Nous constatons maintenant qu’un pas est franchi, et qu’Emmanuel Macron s’assoit désormais officiellement sur l’avis de la Cour Internationale de Justice de 1975, sur toutes les décisions de justice (cour africaine des droits de l’homme et des peuples et cour européenne de Justice) et les résolutions de l’ONU reconnaissant le droit à l’autodétermination du peuple sahraoui. Le président de la République française officialise donc désormais sa position… de soutien au colonialisme.

Le « Méprisant de la République »* se mue ainsi en « délinquant international » et, ce faisant, engage la France dans un pari plus qu’anachronique. Pense-t-il, un seul  instant, que cette décision soit de nature à rassurer les pays africains ? Et ce, au 21ème siècle ?

Le lendemain de la fête du Trône, alors que la frange la plus réactionnaire, colonialiste et chauvine de l’échiquier politique français se félicitait de la lettre d’Emmanuel Macron, le président de la République Arabe Saharaouie Démocratique (RASD), Brahim Ghali, était accueilli par le premier ministre de Mauritanie pour assister à la cérémonie de prestation de serment du président réélu. La Mauritanie, au sud du Sahara Occidental, reconnait la RASD. Il en est de même de l’Algérie à l’Est, plus grand pays d’Afrique et 3ème puissance économique du continent.
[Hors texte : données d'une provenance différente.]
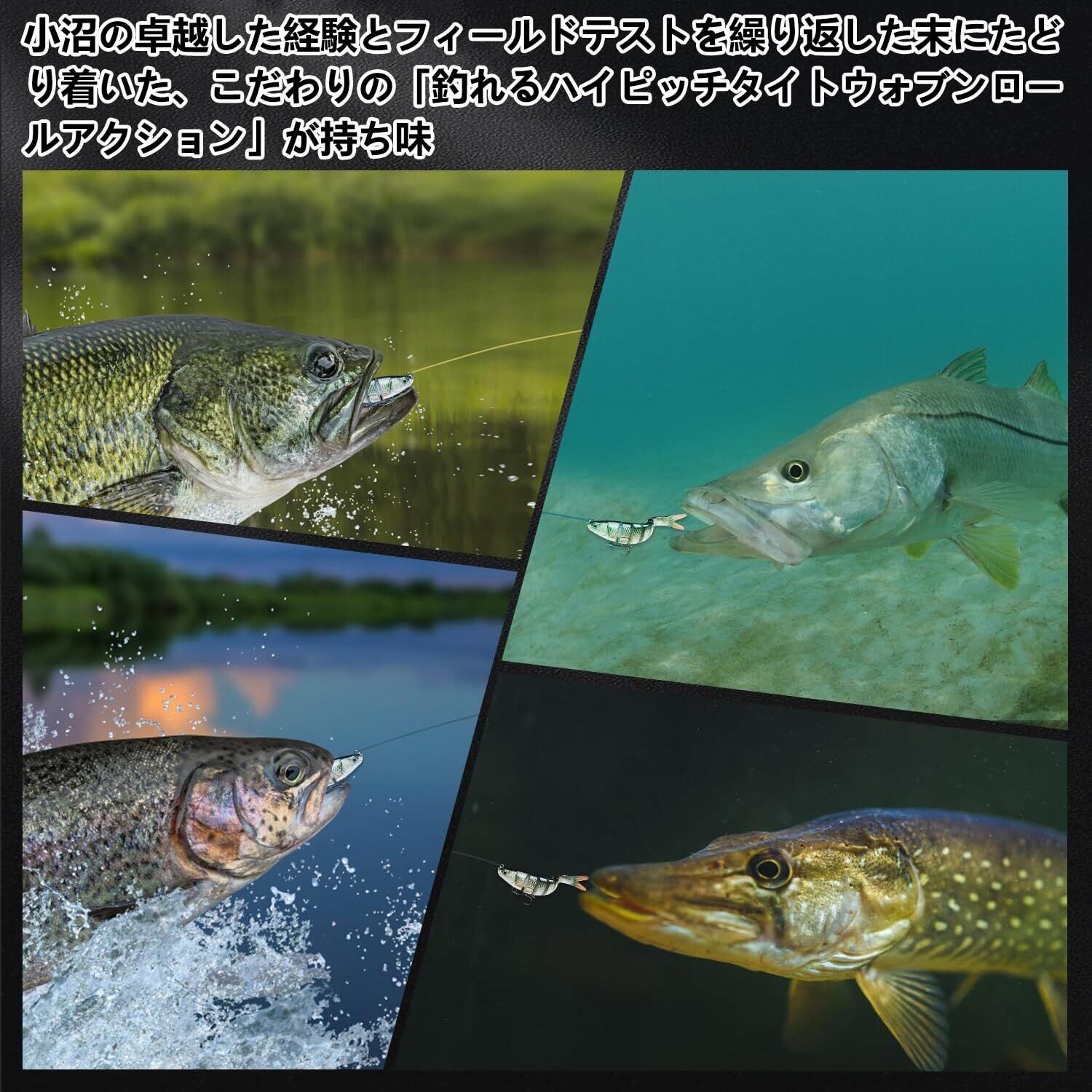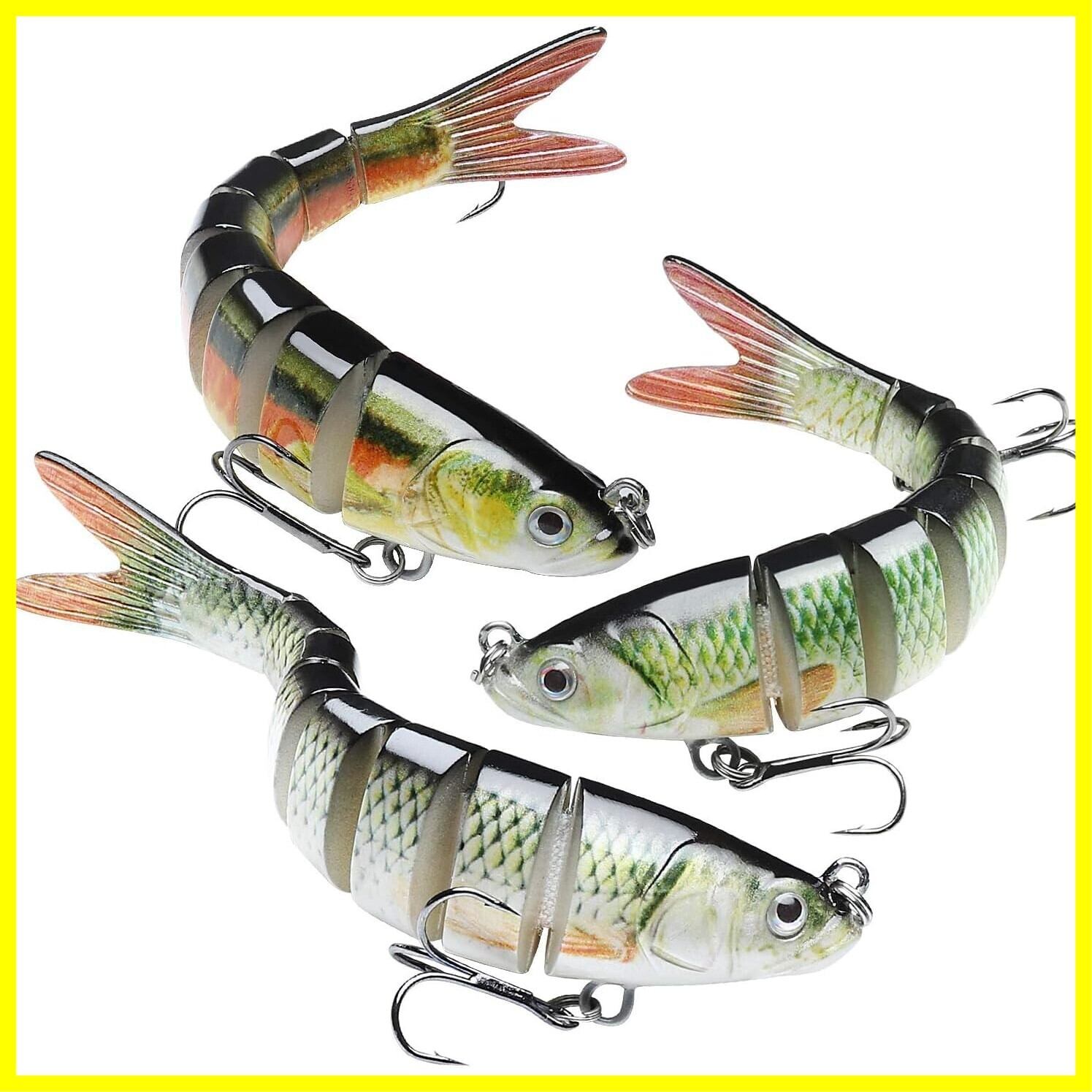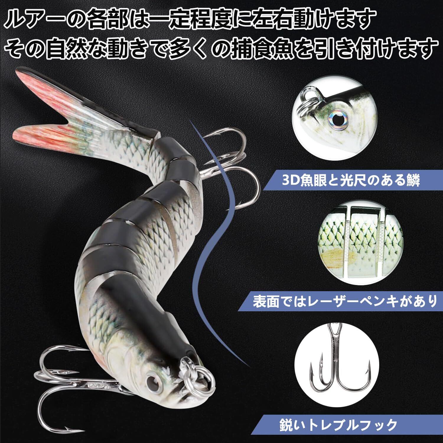 【高いシミュレーション】ABS素材で作られた本物に近い3D魚眼と光沢のある鱗を持つスイムベイトは、実際の魚の色や模様を巧みに再現します、外観からも本物の小魚ように生き生き見えます。ターゲットにしている魚も騙されてしまい、釣果が上がります。また、飛行時にジョイント部の可動域を制御する事は比較的簡単に出来ます。しかし、着水と同時に可動域が復元される。

C’est le cas aussi de l’Afrique du Sud (1ère puissance du continent), du Nigeria (4ème puissance) et de la majorité des pays d’Afrique.

Il n’est nul besoin d’être un « Mozart de la finance » ou même la « Castafiore » (selon le bon mot du sénateur Ian Brossat)** pour comprendre que la prise de position d’Emmanuel Macron sera donc également préjudiciable pour un partenariat renouvelé avec l’Afrique. Du reste, l’Algérie a déjà annoncé le retrait avec effet immédiat de son ambassadeur en France. D’autres mesures sont attendues… et il est fort probable que celles-ci, affichées ou non, n’émaneront pas seulement de l’Algérie. Ni la Mauritanie, ni l’Afrique du Sud, ni le Nigeria, ni plein d’autres pays africains resteront insensibles au devenir de la dernière colonie d’Afrique et au rôle joué par la France dans la non décolonisation du Sahara Occidental.

En engageant officiellement la France dans cette aventure coloniale, Emmanuel Macron ne s’assoit donc pas seulement sur le droit international. Il fait d’une part un bras d’honneur au timide travail effectué par la commission algéro-francaise sur l’histoire de la colonisation, et, d’autre part, un bras d’honneur au partenariat renouvelé et attendu entre l’Afrique et la France. C’est là un pari plus que risqué pour la France.

* Monique Pinçon-Charlot, 2023, Le Méprisant de la République, Editions Textuel, Paris.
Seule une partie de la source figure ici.